Ordinanza di Cassazione Penale Sez. 7 Num. 11089 Anno 2025
Penale Ord. Sez. 7 Num. 11089 Anno 2025
Presidente: COGNOME
Relatore: COGNOMENOME COGNOME
Data Udienza: 12/12/2024
ORDINANZA
sul ricorso proposto da:
NOME nato a BARI il 04/01/1996
avverso la sentenza del 17/11/2023 della CORTE APPELLO di BRESCIA
dato avviso alle parti; udita la relazione svolta dal Consigliere NOME COGNOME
,
RITENUTO IN FATTO E CONSIDERATO IN DIRITTO
Con sentenza del 17 novembre 2023 la Corte di appello di Brescia ha confermato la pronuncia del locale Tribunale del 9 novembre 2021 con cui NOME era stata condannata alla pena di mesi quattro di arresto ed euro 900,00 di ammenda in ordine al reato di cui agli artt. 81 cpv. cod. pen., 186, commi 2 lett. b) e 2-bis, e 187, commi 1 e 1-bis, d.lgs. 30 aprile 1992, n. 285.
Avverso tale sentenza ha proposto ricorso per cassazione l’imputata, a mezzo del suo difensore, deducendo, con tre articolati motivi, vizio di motivazione e violazione di legge in relazione alla mancata osservanza del protocollo operativo alcol-droga vigente, deducendo l’insussistenza dello stato di alterazione fisica e psichica contestatogli.
Il ricorso deve essere dichiarato inammissibile, in quanto proposto con motivi non deducibili in questa sede di legittimità.
Deve essere osservato, infatti, come essi, lungi dal confrontarsi con la congrua e logica motivazione resa dalla Corte territoriale in replica alle analoghe doglianze eccepite con l’atto di appello – nella quale erano state diffusamente esplicate le ragioni di accertamento della sua responsabilità penale, di ricorrenza dello stato di alterazione psico-fisica ascrittogli e di insussistenza della lamentat inosservanza del protocollo operativo alcol-droga vigente (cfr. pp. 5 e ss. della sentenza impugnata) – reiterino le medesime considerazioni critiche espresse nel precedente atto impugnatorio, proposto avverso la sentenza di primo grado.
Per come ripetutamente chiarito da questa Corte di legittimità (cfr., ex plurimís, Sez. 6, n. 8700 del 21/01/2013, Leonardo, Rv. 254584-01), la funzione tipica dell’impugnazione è quella della critica argomentata avverso il provvedimento cui si riferisce.

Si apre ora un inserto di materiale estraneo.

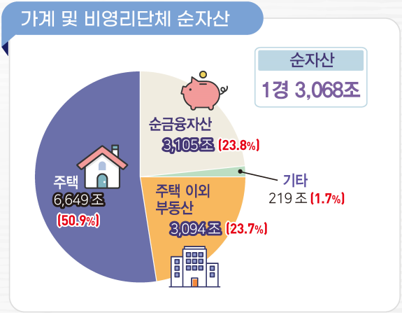 눈에 띄는 점은 자산의 절반 이상이 ‘집 한 채'라는 사실로 여전히 대한민국 가계 자산의 중심은 부동산에 집중되어 있습니다.
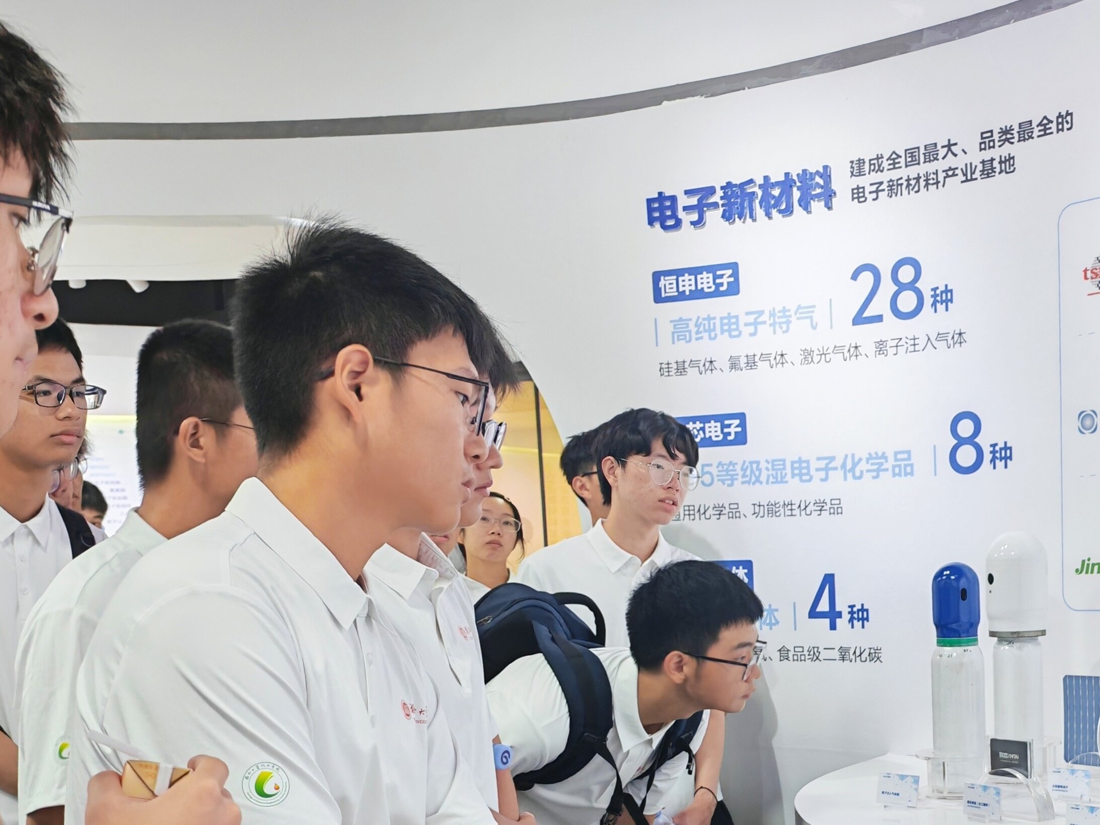 在实地观摩环节,新生们沿行政楼、中控室、生产装置区、码头、青年公寓等关键点位参观,近距离接触电子级特种气体装置与新材料研发现场。通过走进中控室与实验室,同学们直观了解了现代化工企业的岗位运作模式。在沉浸式参访中,原本停留在课本上的知识转化为生动的生产图景,从装置运转到物流支持,从生产现场到生活配套,一条完整的化工产业链在同学们眼前徐徐展开。尤其令人印象深刻的是舒适的员工食堂与温馨的青年公寓,彻底改变了大家对化工企业“冰冷”的刻板印象,感受到浓浓的人文关怀。
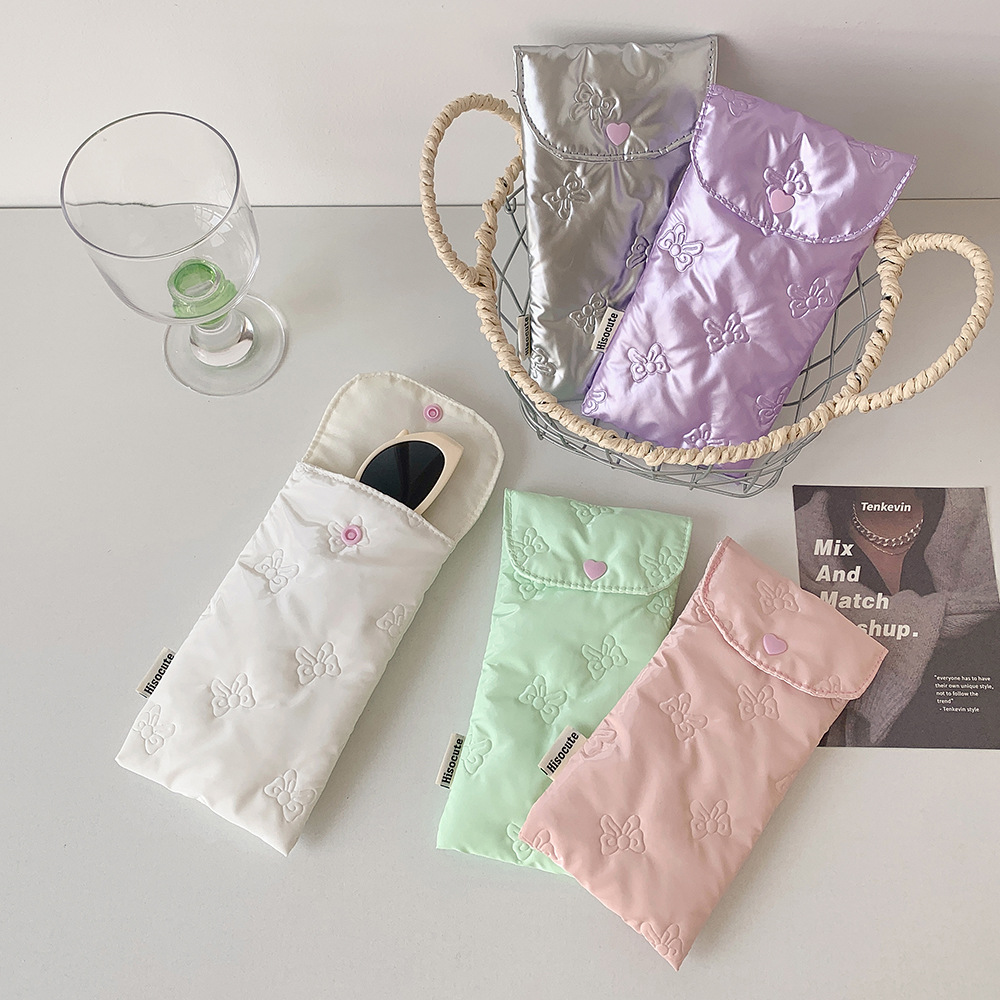 韓国スタイルの女の子の光沢のあるリボンメガネ収納袋ポータブルソフトサングラス収納袋学生鉛筆バッグ
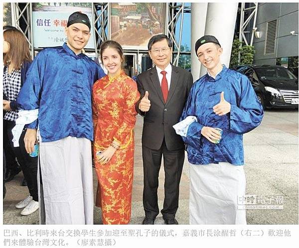 巴西、比利時來台交換學生參加迎至聖孔子的儀式,嘉義市長涂醒哲(右二)歡迎他們來體驗台灣文化。(廖素慧攝)
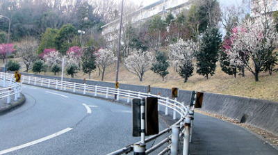 裏の駐車場を出たところの林の坂道を雪かきしている女性の方がいました。
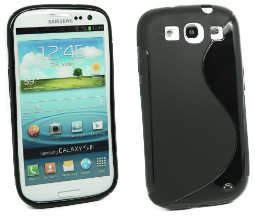 Kit Me Out IT - Samsung Galaxy S3 SIII i9300 Android Android - Pacco Di Economia - Protezione Custodia / Cover / Skin TPU Gel 'La S' Nero + LCD Pellicola Protettiva Schermo + Compatibile Micro USB Nel Caricatore Dell'Automobile
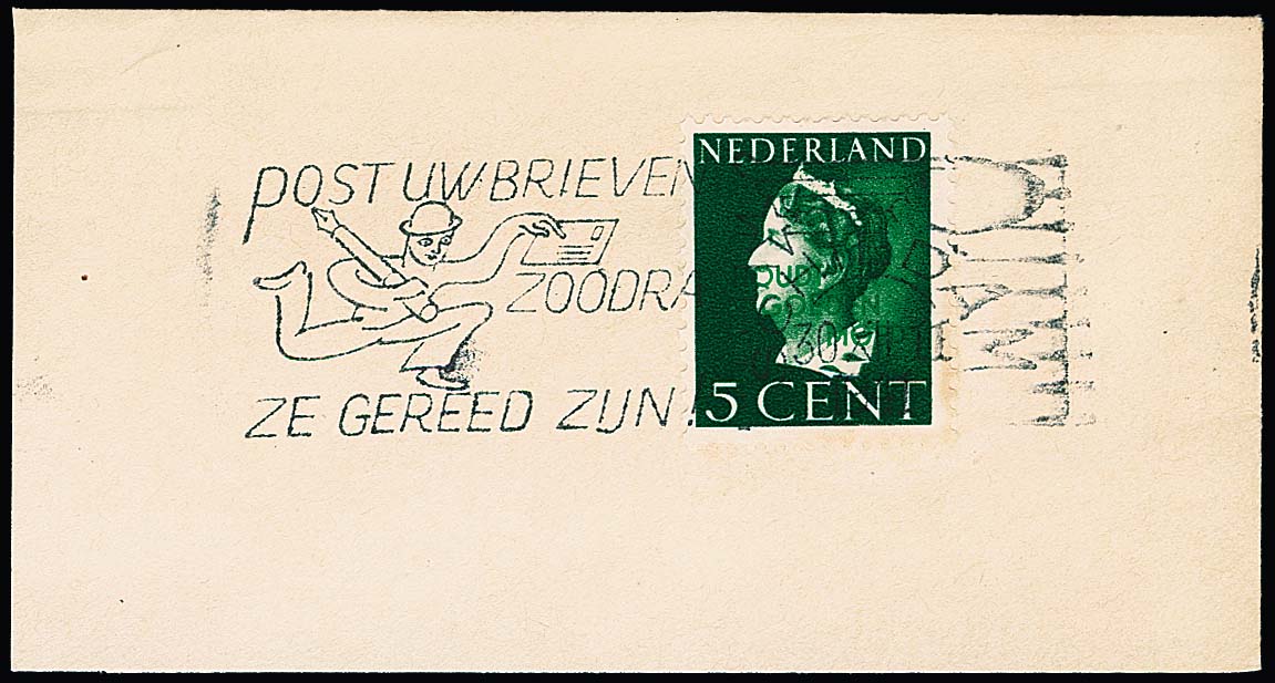 Fälschungen Niederländischer Widerstandsorganisationen für das von Deutschland besetzte Gebiet, 5 C. Wilhelmina mit Aufdruck "Houdt Goeden Moed" auf Briefstück. Sehr seltene, im Michel nur mit "-.-" bewertete Fälschung. Attest Pieles
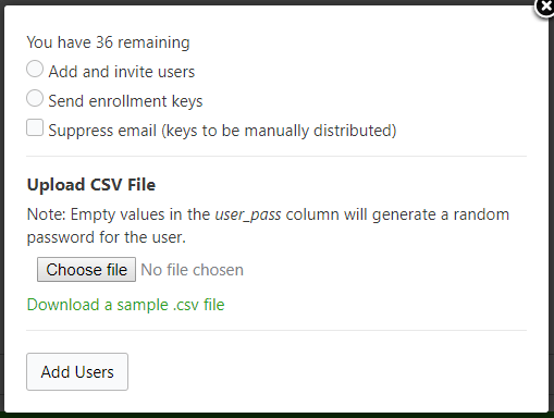 - Add and invite user adds every student to your group and triggers an email to them with their password.

Tale critica argomentata si realizza attraverso la presentazione di motivi che, a pena di inammissibilità (artt. 581 e 591 cod. proc. pen.), devono indicare specificamente le ragioni di diritto e gli elementi di fatt che sorreggono ogni richiesta. Contenuto essenziale dell’atto di impugnazione, cioè, è innanzitutto e indefettibilmente il confronto puntuale (con specifica indicazione delle ragioni di diritto e degli elementi di fatto che fondano dissenso) con le argomentazioni del provvedimento il cui dispositivo si contesta. Risulta di chiara evidenza, pertanto, che se il motivo di ricorso, come nel caso in esame, non si confronta con la motivazione della sentenza impugnata, per ciò solo si destina all’inammissibilità, venendo meno in radice l’unica funzione per la quale è previsto e ammesso (la critica argomentata al provvedimento).
E’ inammissibile, quindi, il ricorso per cassazione che riproduce e reitera gli stessi motivi prospettati con l’atto di appello e motivatamente respinti in secondo grado, senza confrontarsi criticamente con gli argomenti utilizzati nel provvedimento impugnato ma limitandosi, in maniera generica, a lamentare una presunta carenza o illogicità della motivazione (così, tra le altre: Sez. 2, n. 27816 del 22/03/2019, COGNOME, Rv. 276970-01; Sez. 3, n. 44882 del 18/07/2014, COGNOME, Rv. 260608-01; Sez. 6, n. 20377 del 11/03/2009, COGNOME, Rv. 243838-01).
All’inammissibilità del ricorso segue, per legge, la condanna della ricorrente al pagamento delle spese processuali ed alla somma di euro 3.000,00 in favore della Cassa delle ammende, non ravvisandosi ragioni di esonero (Corte Cost., sent. n. 186/2000).
P. Q. M.
Dichiara inammissibile il ricorso e condanna la ricorrente al pagamento delle spese processuali e della somma di euro 3.000,00 in favore della Cassa delle ammende.